Re: dataset integration

geniusgenie · Posted 06-02-2017 06:24 PM

Hi,

I was wondering if someone can please help me?

I have three datasets, all of them have one common column called file name.

First dataset contains 2000 rows all unique rows (One row per filename).

Second one has multiple rows per file name, some filenames have 7 rows and some more than 7.

Similar for third dataset.

I am looking to integrate second and third datasets in a way that both of these datasets have same one row per filename.

Can anyone suggest how should I proceed for that?

So, that I can merge both of these datasets into First dataset as features.

Sample table

Filename	Category	Type	Col1	Col2	Col3	Col4	Co5	Flg	Read	Write	Execute	Align
1	1	LOAD	0x000000	00010000	00010000	1515c	1515c	R E	1	0	1	0x10000
1	1	GNU_STACK	0x000000	00000000	00000000	00000	00000	RW	1	1	0	0x4
1	1	LOAD	0x01515c	0003515c	0003515c	00518	06874	RW	1	1	0	0x10000
2	1	LOAD	0x000000	08048000	08048000	0d0a0	0d0a0	R E	1	0	1	0x1000
2	1	GNU_STACK	0x000000	00000000	00000000	00000	00000	RW	1	1	0	0x4
2	1	LOAD	0x00d0a0	080560a0	080560a0	0031c	06800	RW	1	1	0	0x1000
3	2	LOAD	0x000000	00010000	00010000	1123c	1123c	R E	1	0	1	0x10000
3	2	GNU_STACK	0x000000	00000000	00000000	00000	00000	RW	1	1	0	0x4
3	2	LOAD	0x01123c	0003123c	0003123c	004f4	06644	RW	1	1	0	0x10000

Regards

ballardw · Posted 06-02-2017 06:34 PM

You should provide some data, enough to demonstrate what you need, for each of the tables and what the final result for the example data should look like. From your description possibly 2 rows for the first table mentioned and cases for the other data sets such that one of the filenames from the first data is only used once and the other 3 times.
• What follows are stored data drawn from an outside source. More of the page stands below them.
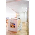 かわいらしい物も、カッコいい物も好きな奥様でしたので、各部屋毎にイメージを変えていくことをご提案しました。 また、天然素材がお好きでしたのでLDKを漆喰塗りを取り入れ、対面式の無垢のキッチンでカフェ風のカウンターに仕上げました。 お店のような洗面化粧台、トイレは絵を飾り、お風呂は男性陣の意見を取り入れてカッコいい感じに。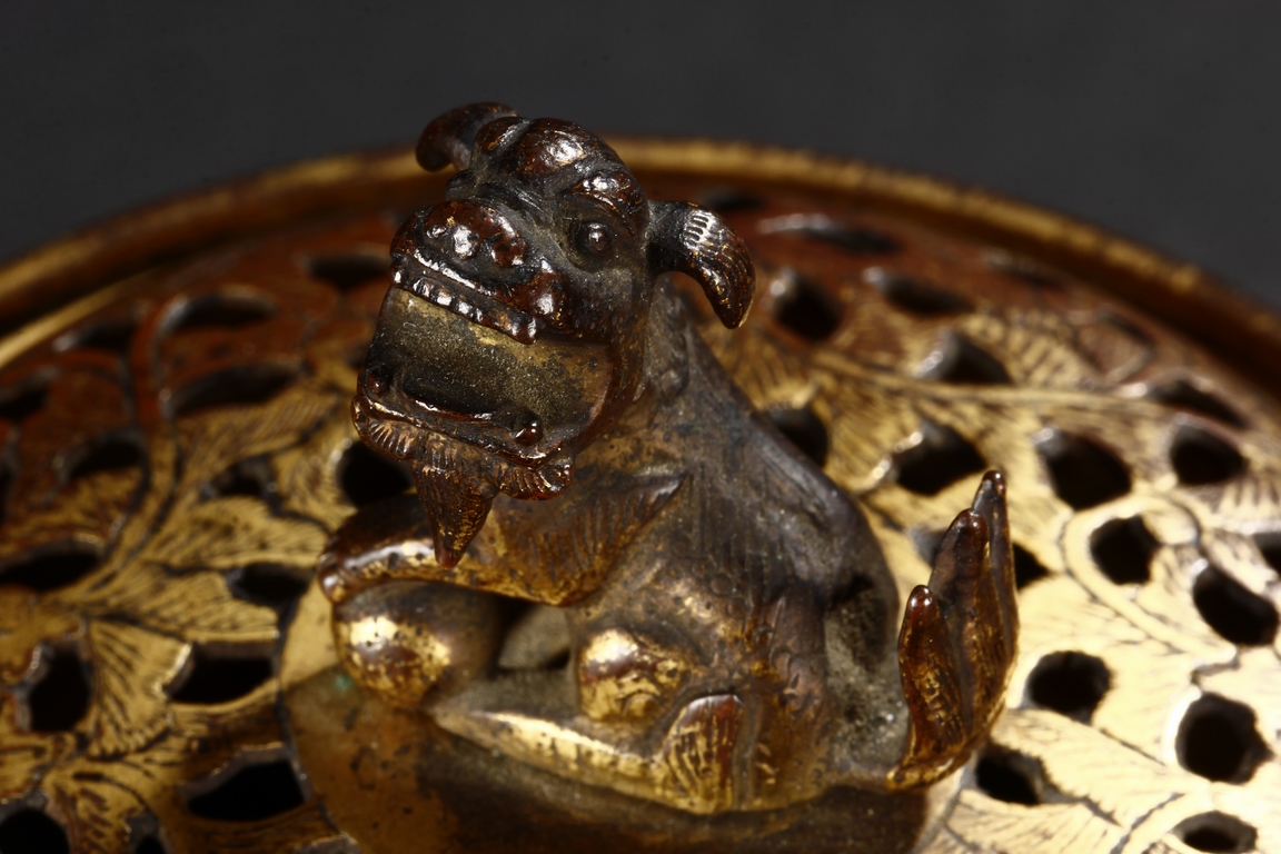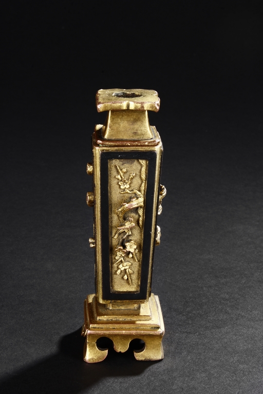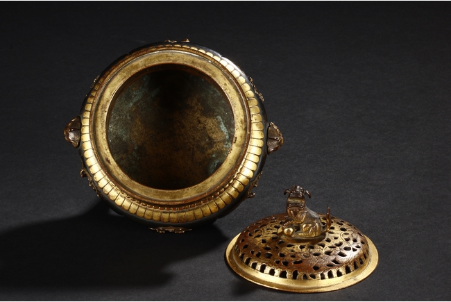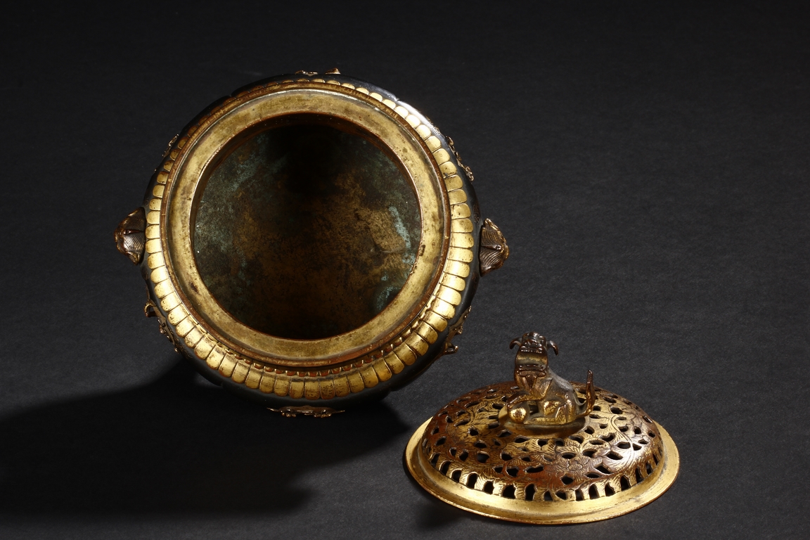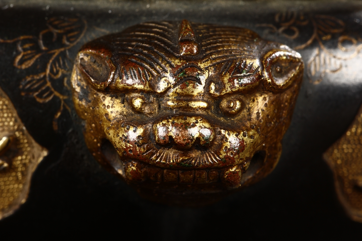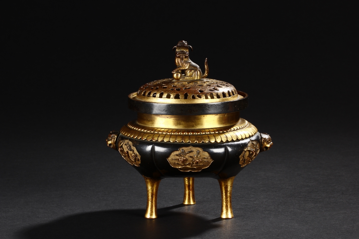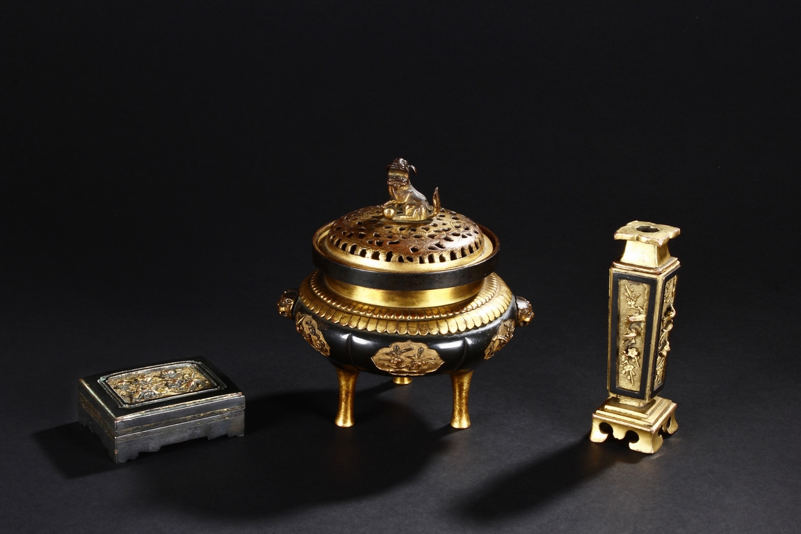 This set comprises of a tripod censer, a rectangular box, and a vase, each mounted with shaped gilt-bronze plaques of elaborate floral decorations in relief. The censer is mounted with two Buddhist lions, and topped with a pierced cover with Buddhist lion finial. Qing Dynasty Qianlong Period.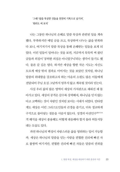 p. 24~25_"1. 말씀 묵상, 세상을 대응하기 위한 충전의 시간" 중에서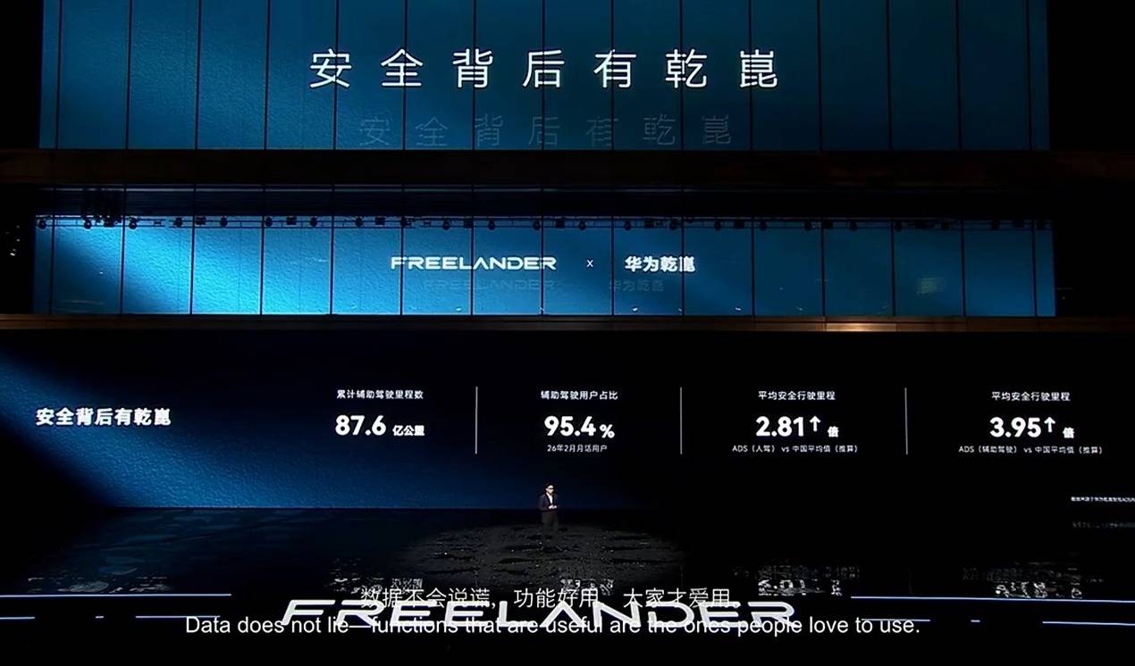 截至2026年2月底,华为乾崑累计辅助驾驶里程达87.6亿公里,月活用户占比95.4%,单月主动避免可能碰撞32.7万次,以可靠实力守护每一次出行安全。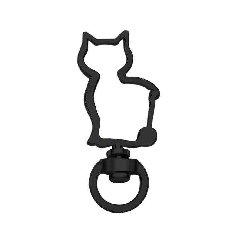Cat-Shaped Swivel Snap Hook Keychain Metal Spring Snap Key Ring Black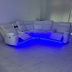 BRAND NEW POWER RECLINING SECTIONAL SOFA WITH SPEAKERS,BLUETOOTH,LED LIGHTS,USB PORT,STORAGE AND CUP HOLDERS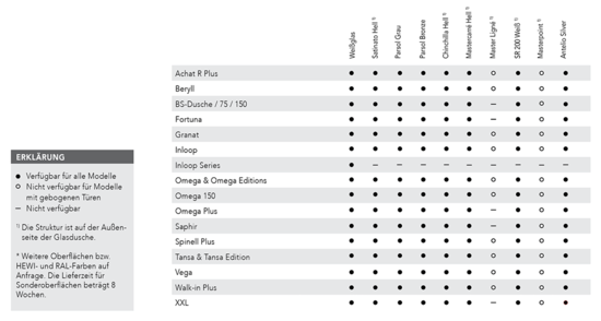 Sie wollen Ihre Dusche mit einer besonderen Oberfläche? Dann sehen Sie in der folgenden Tabelle, welches Modell mit welcher Glasart kombinierbar ist.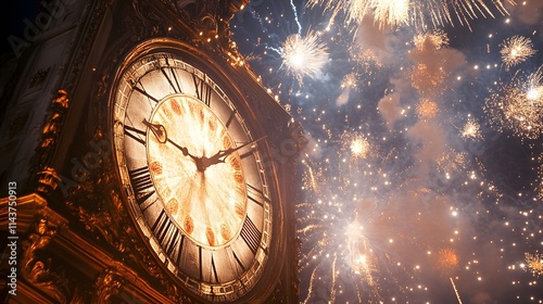 Fireworks lighting up the sky as the clock strikes twelve marking the moment of transformation

You don't need to provide ALL of the variables but enough to demonstrate what you want done with other common variables if they exist. For instance if the variable XYZ exists in sets 2 and 3 which version do you want in the final result when they differ?

It really helps to provide data in the form of a datastep. Instructions here: https://communities.sas.com/t5/SAS-Communities-Library/How-to-create-a-data-step-version-of-your-dat... will show how to turn an existing SAS data set into data step code that can be pasted into a forum code box using the {i} icon or attached as text to show exactly what you have and that we can test code against.

It also helps to show code or describe what you have attempted so far.

geniusgenie · Posted 06-03-2017 03:28 AM

Hi Ballard,

Thanks for your reply, I am attaching sample XLS sheet for your reference of the datasets. Appologies for not creating dataset they way you asked, I am new to SAS so need study a little bit more.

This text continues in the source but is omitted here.